■ Raw data:
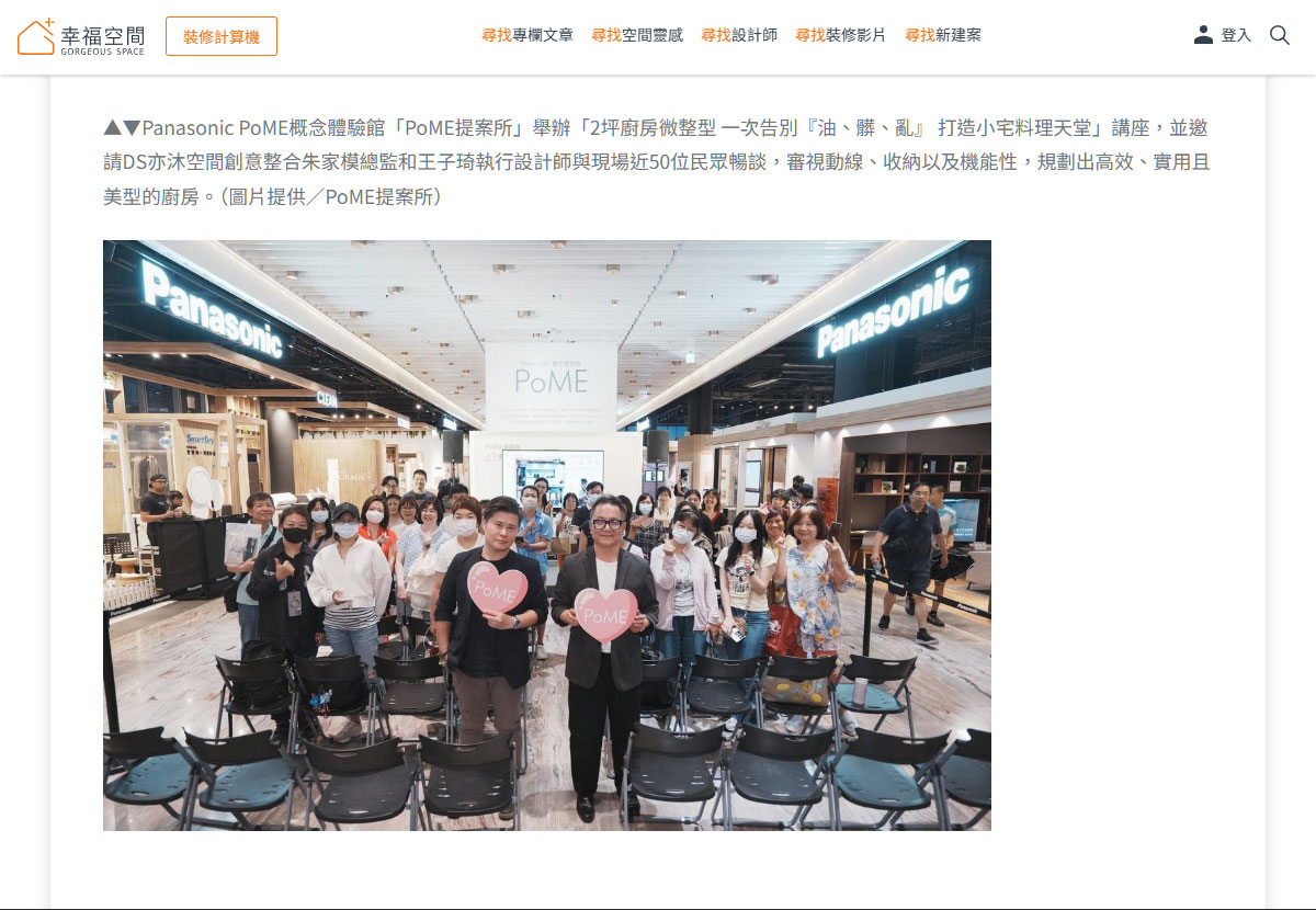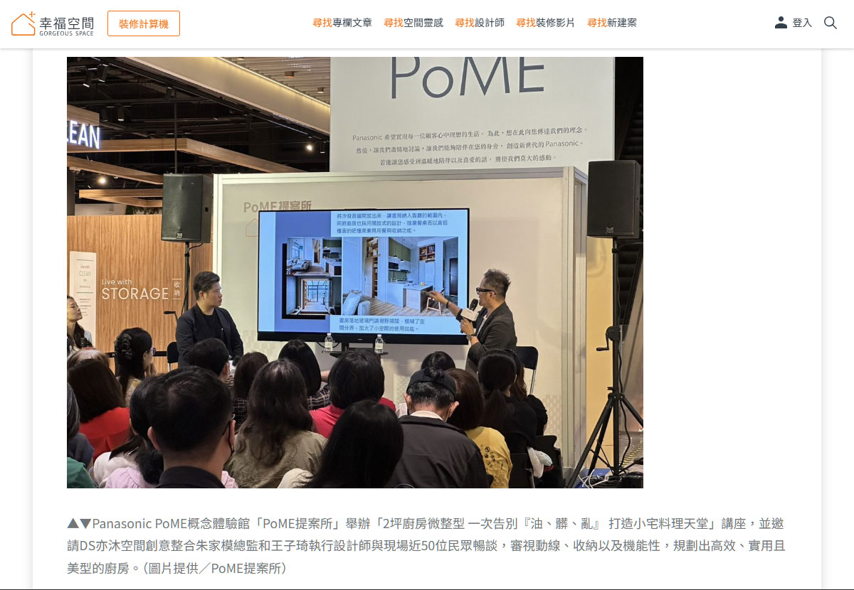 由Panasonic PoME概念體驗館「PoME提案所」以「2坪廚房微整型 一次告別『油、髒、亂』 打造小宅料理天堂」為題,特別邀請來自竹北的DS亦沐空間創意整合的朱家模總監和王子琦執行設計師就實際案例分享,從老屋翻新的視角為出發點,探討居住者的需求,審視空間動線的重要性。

--

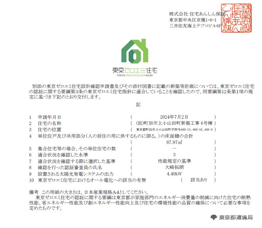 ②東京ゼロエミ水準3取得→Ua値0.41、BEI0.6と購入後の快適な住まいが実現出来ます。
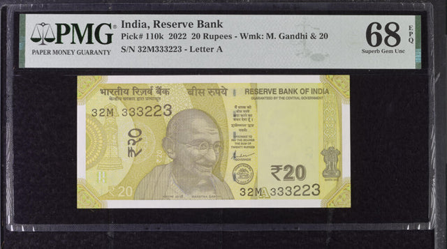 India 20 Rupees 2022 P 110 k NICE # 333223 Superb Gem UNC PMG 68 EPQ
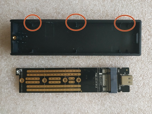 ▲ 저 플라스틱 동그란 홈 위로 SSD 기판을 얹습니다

==

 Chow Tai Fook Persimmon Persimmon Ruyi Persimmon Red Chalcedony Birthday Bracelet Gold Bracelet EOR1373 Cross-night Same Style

■ Exercise instructions: Reproduce the data above exactly, but only from the line containing "②東京ゼロエミ水準3取得→U" through the line containing "SSD 기판을 얹습니다". Omit all pictures.

■ Result below:
 ②東京ゼロエミ水準3取得→Ua値0.41、BEI0.6と購入後の快適な住まいが実現出来ます。
 India 20 Rupees 2022 P 110 k NICE # 333223 Superb Gem UNC PMG 68 EPQ
 ▲ 저 플라스틱 동그란 홈 위로 SSD 기판을 얹습니다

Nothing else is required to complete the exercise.